We provide standard and easy-to-use dataset and data loaders, which automatically handle the dataset dnowloading as well as standard data splitting, and can be compatible with most of the graph learning libraries by specifying the graph_format argument:

from botdet.data.dataset_botnet import BotnetDataset
from botdet.data.dataloader import GraphDataLoader

botnet_dataset_train = BotnetDataset(name='chord', split='train', graph_format='pyg')
botnet_dataset_val = BotnetDataset(name='chord', split='val', graph_format='pyg')
botnet_dataset_test = BotnetDataset(name='chord', split='test', graph_format='pyg')

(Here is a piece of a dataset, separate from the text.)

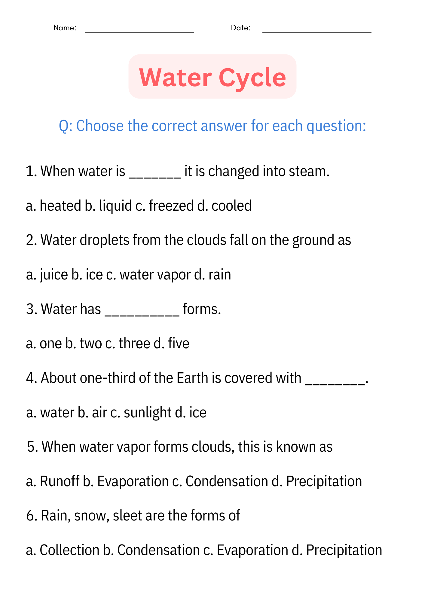 Grade 6 Science Free Printable Worksheets

train_loader = GraphDataLoader(botnet_dataset_train, batch_size=2, shuffle=False, num_workers=0)
val_loader = GraphDataLoader(botnet_dataset_val, batch_size=1, shuffle=False, num_workers=0)
test_loader = GraphDataLoader(botnet_dataset_test, batch_size=1, shuffle=False, num_workers=0)

The choices for dataset name are (indicating different botnet topologies):

  • 'chord' (synthetic, 10k botnet nodes)
  • 'debru' (synthetic, 10k botnet nodes)
  • 'kadem' (synthetic, 10k botnet nodes)
  • 'leet' (synthetic, 10k botnet nodes)
  • 'c2' (real, ~3k botnet nodes)
  • 'p2p' (real, ~3k botnet nodes)

The choices for dataset graph_format are (for different graph data format according to different graph libraries):

Based on different choices of the above argument, when indexing the botnet dataset object, it will return a corresponding graph data object defined by the specified graph library.

The data loader handles automatic batching and is agnostic to the specific graph learning library.

To Evaluate a Model Predictor

We prepare a standardized evaluator for easy evaluation and comparison of different models. First load the dataset class with BotnetDataset and the evaluation function eval_predictor. Then define a simple wrapper of your model as a predictor function (see examples), which takes in a graph from the dataset and returns the prediction probabilities for the positive class (as well as the loss from the forward pass, optionally).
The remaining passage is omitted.